> **Supplied data**
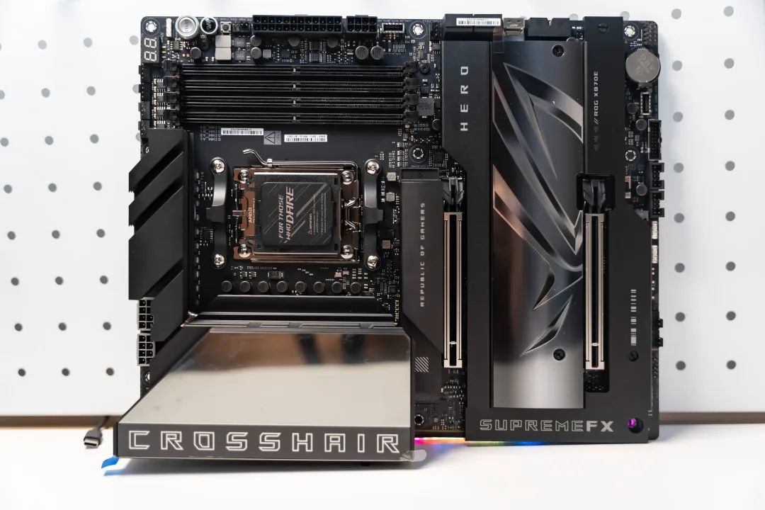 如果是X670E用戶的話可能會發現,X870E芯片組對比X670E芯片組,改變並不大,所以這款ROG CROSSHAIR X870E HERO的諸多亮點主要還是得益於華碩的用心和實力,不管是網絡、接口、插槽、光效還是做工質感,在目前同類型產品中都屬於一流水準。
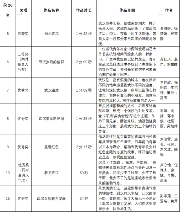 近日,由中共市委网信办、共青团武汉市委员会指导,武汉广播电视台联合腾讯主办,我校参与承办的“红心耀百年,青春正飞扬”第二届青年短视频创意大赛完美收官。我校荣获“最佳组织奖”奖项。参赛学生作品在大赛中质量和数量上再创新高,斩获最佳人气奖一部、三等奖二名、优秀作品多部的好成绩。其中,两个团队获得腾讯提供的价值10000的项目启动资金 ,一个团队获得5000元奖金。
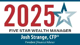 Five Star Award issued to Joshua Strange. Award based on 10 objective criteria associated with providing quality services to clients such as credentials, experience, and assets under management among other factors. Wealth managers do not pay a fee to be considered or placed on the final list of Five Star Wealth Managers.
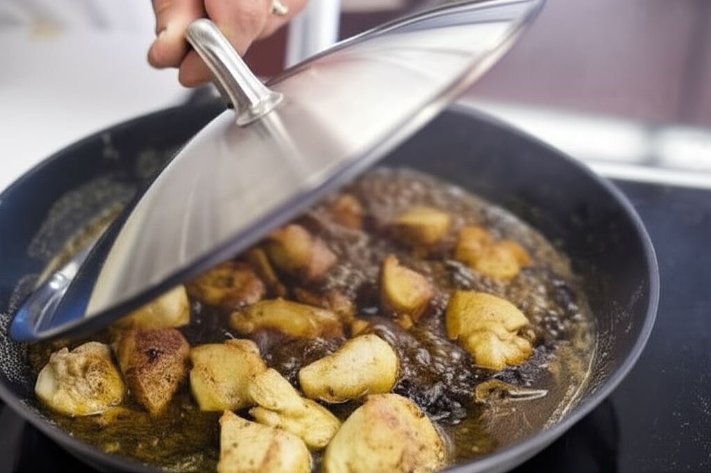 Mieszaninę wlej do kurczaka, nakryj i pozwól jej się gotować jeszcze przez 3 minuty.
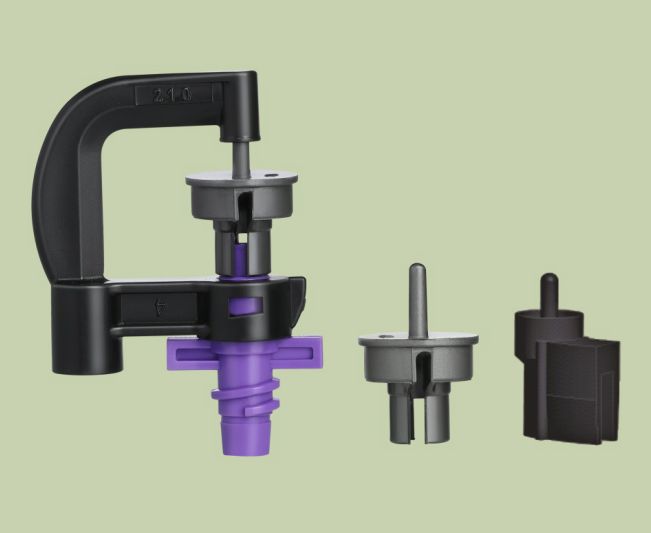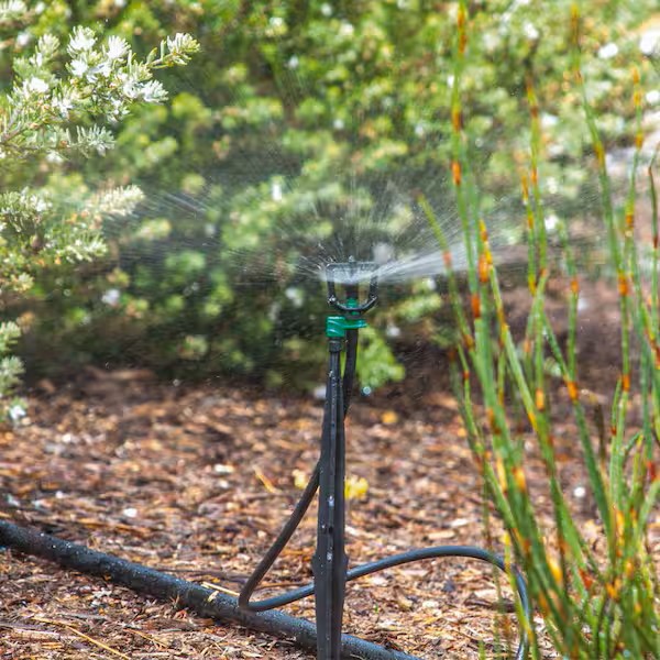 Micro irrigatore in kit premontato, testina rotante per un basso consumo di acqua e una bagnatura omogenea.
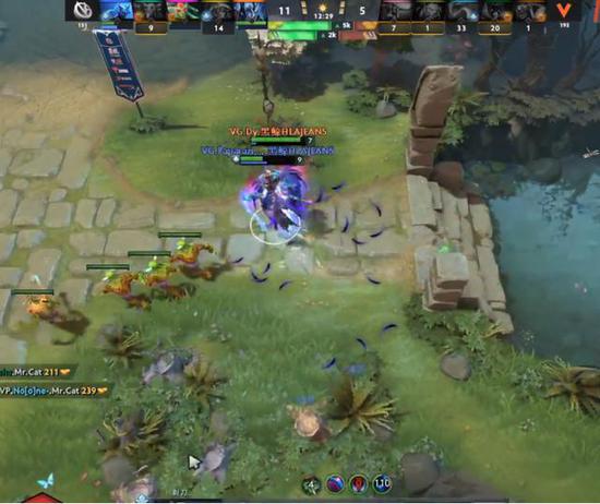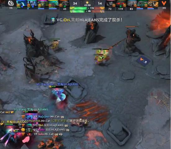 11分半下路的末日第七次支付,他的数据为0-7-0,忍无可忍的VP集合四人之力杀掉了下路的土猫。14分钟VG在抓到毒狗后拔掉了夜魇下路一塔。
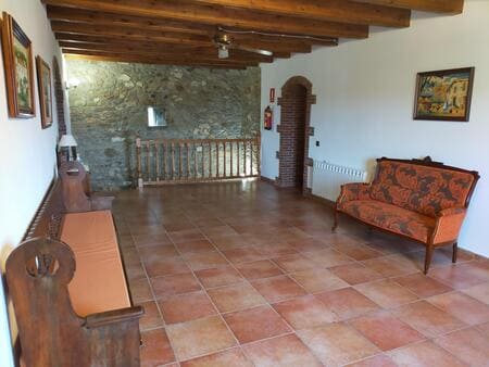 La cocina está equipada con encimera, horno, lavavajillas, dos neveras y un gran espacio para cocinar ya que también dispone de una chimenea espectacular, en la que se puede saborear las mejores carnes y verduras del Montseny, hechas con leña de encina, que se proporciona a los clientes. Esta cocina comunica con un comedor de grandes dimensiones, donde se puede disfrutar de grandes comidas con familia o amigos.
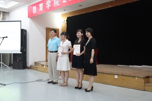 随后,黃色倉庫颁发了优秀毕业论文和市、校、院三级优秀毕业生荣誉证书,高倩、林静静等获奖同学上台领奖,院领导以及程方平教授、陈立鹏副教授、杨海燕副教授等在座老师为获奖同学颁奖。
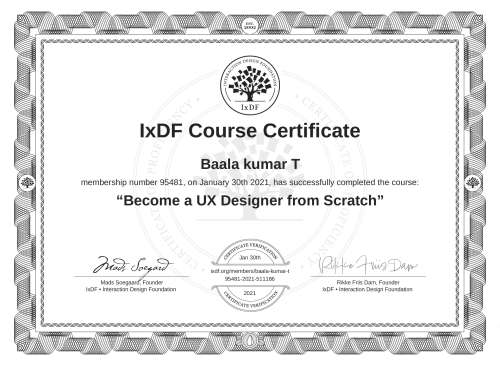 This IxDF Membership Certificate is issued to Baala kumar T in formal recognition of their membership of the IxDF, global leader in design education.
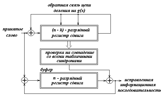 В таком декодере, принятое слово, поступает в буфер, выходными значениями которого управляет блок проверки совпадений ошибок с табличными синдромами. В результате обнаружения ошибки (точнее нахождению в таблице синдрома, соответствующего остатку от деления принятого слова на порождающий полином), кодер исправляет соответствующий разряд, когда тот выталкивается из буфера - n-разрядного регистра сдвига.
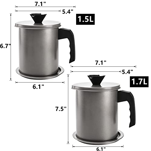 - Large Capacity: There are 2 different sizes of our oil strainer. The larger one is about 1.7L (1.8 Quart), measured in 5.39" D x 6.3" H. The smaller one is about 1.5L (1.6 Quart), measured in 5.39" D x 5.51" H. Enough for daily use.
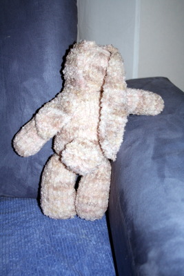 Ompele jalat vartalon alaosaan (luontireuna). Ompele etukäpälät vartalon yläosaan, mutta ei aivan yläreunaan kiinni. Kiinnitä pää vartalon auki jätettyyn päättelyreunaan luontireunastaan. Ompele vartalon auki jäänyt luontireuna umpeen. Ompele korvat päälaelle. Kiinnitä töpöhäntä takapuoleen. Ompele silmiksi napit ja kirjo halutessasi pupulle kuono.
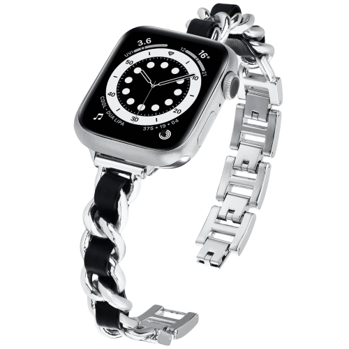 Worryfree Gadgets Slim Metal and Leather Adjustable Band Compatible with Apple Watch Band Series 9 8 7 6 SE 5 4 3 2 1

> **The problem**
Retype exactly the lines from the line containing "随后,黃色倉庫颁发了优秀毕业" through the end of the entries above, including both ends, and leave every picture out.

> **Answer box**
 随后,黃色倉庫颁发了优秀毕业论文和市、校、院三级优秀毕业生荣誉证书,高倩、林静静等获奖同学上台领奖,院领导以及程方平教授、陈立鹏副教授、杨海燕副教授等在座老师为获奖同学颁奖。
 This IxDF Membership Certificate is issued to Baala kumar T in formal recognition of their membership of the IxDF, global leader in design education.
 В таком декодере, принятое слово, поступает в буфер, выходными значениями которого управляет блок проверки совпадений ошибок с табличными синдромами. В результате обнаружения ошибки (точнее нахождению в таблице синдрома, соответствующего остатку от деления принятого слова на порождающий полином), кодер исправляет соответствующий разряд, когда тот выталкивается из буфера - n-разрядного регистра сдвига.
 - Large Capacity: There are 2 different sizes of our oil strainer. The larger one is about 1.7L (1.8 Quart), measured in 5.39" D x 6.3" H. The smaller one is about 1.5L (1.6 Quart), measured in 5.39" D x 5.51" H. Enough for daily use.
 Ompele jalat vartalon alaosaan (luontireuna). Ompele etukäpälät vartalon yläosaan, mutta ei aivan yläreunaan kiinni. Kiinnitä pää vartalon auki jätettyyn päättelyreunaan luontireunastaan. Ompele vartalon auki jäänyt luontireuna umpeen. Ompele korvat päälaelle. Kiinnitä töpöhäntä takapuoleen. Ompele silmiksi napit ja kirjo halutessasi pupulle kuono.
 Worryfree Gadgets Slim Metal and Leather Adjustable Band Compatible with Apple Watch Band Series 9 8 7 6 SE 5 4 3 2 1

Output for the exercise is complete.